> [DATA FOR THIS TASK]:
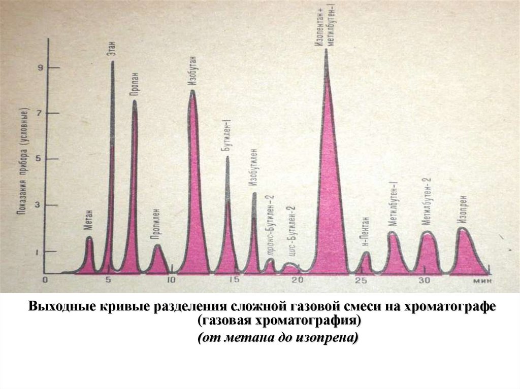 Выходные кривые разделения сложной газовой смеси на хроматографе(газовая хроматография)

...

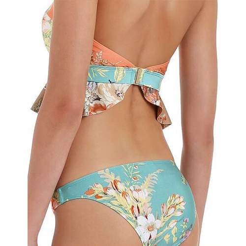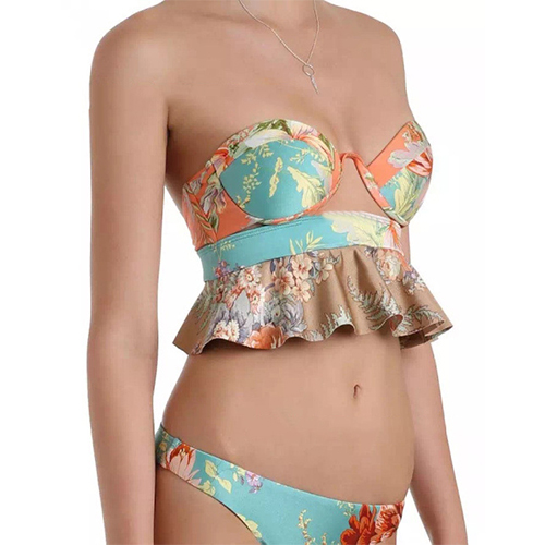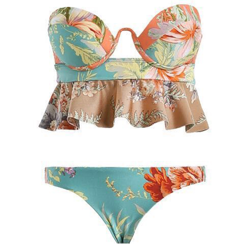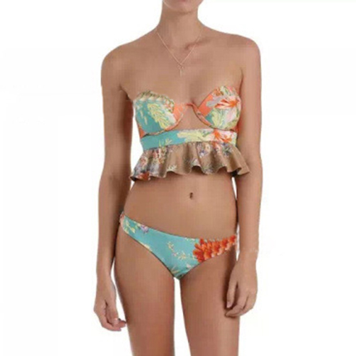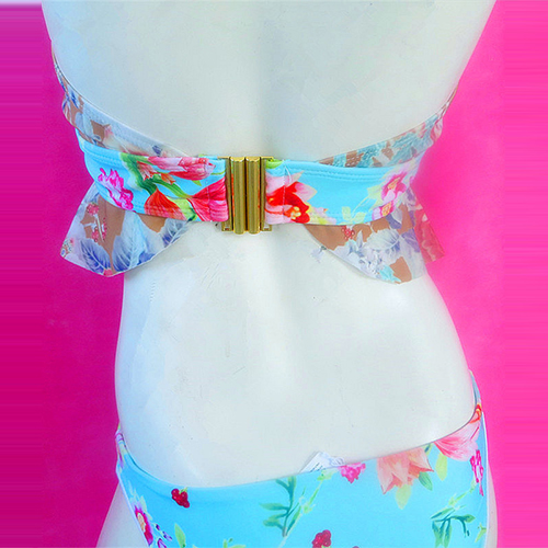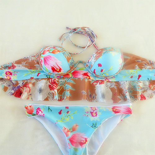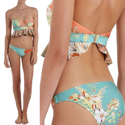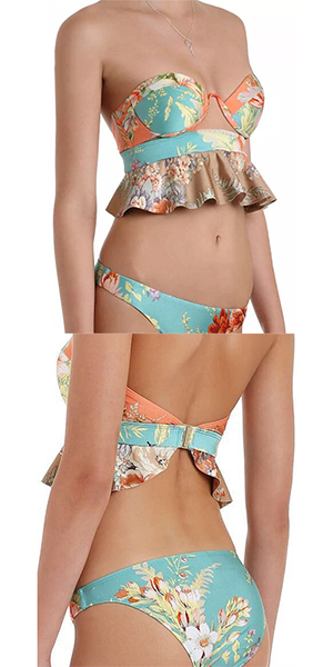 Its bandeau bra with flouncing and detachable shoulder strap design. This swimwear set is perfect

==

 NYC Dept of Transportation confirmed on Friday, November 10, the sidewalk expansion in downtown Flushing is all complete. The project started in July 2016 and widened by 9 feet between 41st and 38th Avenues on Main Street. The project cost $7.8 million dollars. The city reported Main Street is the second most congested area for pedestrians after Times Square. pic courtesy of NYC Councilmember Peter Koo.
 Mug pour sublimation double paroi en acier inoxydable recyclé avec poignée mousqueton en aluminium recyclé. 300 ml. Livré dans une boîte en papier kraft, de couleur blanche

> [WHAT IS BEING ASKED]: Scan the listing above for the line that has "NYC Dept of", then copy exactly from that line through the line that has "Mug pour sublimation".

> [TASK ANSWER]:
 NYC Dept of Transportation confirmed on Friday, November 10, the sidewalk expansion in downtown Flushing is all complete. The project started in July 2016 and widened by 9 feet between 41st and 38th Avenues on Main Street. The project cost $7.8 million dollars. The city reported Main Street is the second most congested area for pedestrians after Times Square. pic courtesy of NYC Councilmember Peter Koo.
 Mug pour sublimation double paroi en acier inoxydable recyclé avec poignée mousqueton en aluminium recyclé. 300 ml. Livré dans une boîte en papier kraft, de couleur blanche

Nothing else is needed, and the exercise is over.